Диалогический фон философской логики, ее неосознаваемый диалогический источник — внутриинтеллектуальная игра рассудка, разума, интуиции, продуктивного воображения — все это к концу XIX века распалось и без остатка редуцировалось до рассудка, или, в других вариантах, — до внелогических стихий.

Иногда для спасения творческого характера логического мышления приглашались “варяги”: то “воображение” с берегов искус­ства, то “интуиция” с берегов психологии. Но из самого теоретиче­ского мышления, из логики все эти “способности” (так и не понятые в своей роли разных голосов единого теоретического интеллекта) были изгнаны, казалось, навсегда. И никакие “назад” — “назад к Канту” или “назад к Гегелю” — тут не могли помочь.

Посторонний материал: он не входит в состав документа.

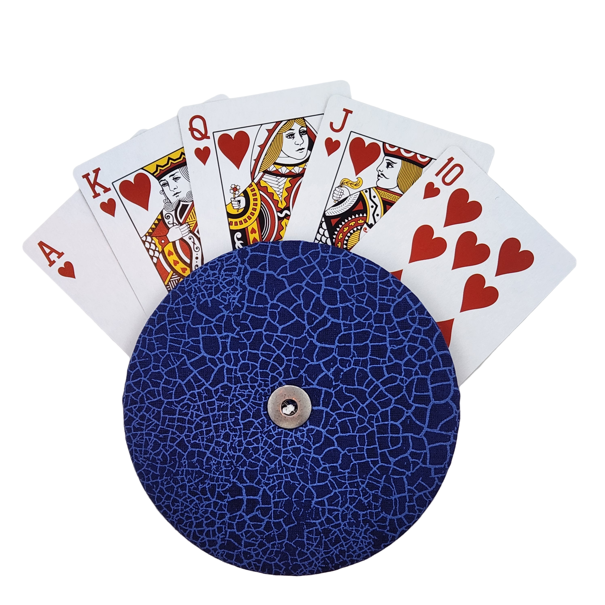 Our lightly-cushioned playing card holders are a handy accompaniment for game-lovers young and old! If you face challenges with dexterity, grip strength, or arthritis, the cinched cotton covering and layer of soft batting make it easy and comfortable to keep your hand organized and private. They also give each player a pop of color and personality! The front and back are attached only in the center, so there is plenty of room for a large quantity of cards, even if you frequently fall prey to the dreaded "Draw 4."

Впрочем, говоря о спасении, я сознательно преувеличиваю. Спасения вовсе не требовалось. Само развитие логики структуры, логики текста было логически и исторически необходимым процес­сом. Развиваясь в формах противоположностей, и “логика структу­ры”, и “не-логика” творческого процесса подошли к той закраине, где обнаружилось их внутреннее единство, их логическая “дополнительность” (которая яснее всего выступила в парадоксах теории множеств и вообще в парадоксах обоснования математики)9.

Но сейчас речь идет о возможности логически воспроизвести предрасположенность к творчеству, пред-определение будущих теорий (логически воспроизвести “теоретика как диалог внутренних собеседников”). Мы видели, что “уравнение” — “логика творчества = логике внутреннего диалога, беседе внутренних собеседни­ков” —вполне обоснованно. Но мы видели также, что конкретно-логическое решение этого уравнения в начале XIX века, когда над ним вплотную задумались (Гегель и Фейербах), оказалось невоз­можным.

И вот в этом смысле возвращение к пониманию “теоретика как логического многообразия” было бы — до самого последнего вре­мени — анахронизмом. Тут возврата действительно не было. Но сей­час все изменилось. Выше мы вкратце сказали о тех реальных ус­ловиях, которые сложились в логике, в математике, в физике к 70-м годам XX века и которые сделали необходимым и возможным конкретное логическое решение сформулированного в первой чет­верти XIX века “уравнения”. Пришла пора к нему (забытому и осмеянному) вернуться.

Сейчас — кстати, историческое развитие логики текста (матема­тической логики) здесь крайне существенно — стало возможным “возвращение” к потенциям “философской логики” XVII — начала XIX века, стало возможным коренное преобразование этой логики. Появляется новый логический строй мышления, и в его контексте все неразрешимые трудности оказываются разрешимыми, сдвига­ются, диалектически переформулнруются. На этой основе оказы­вается возможным понять диалогическое противоречие и самого классического текста.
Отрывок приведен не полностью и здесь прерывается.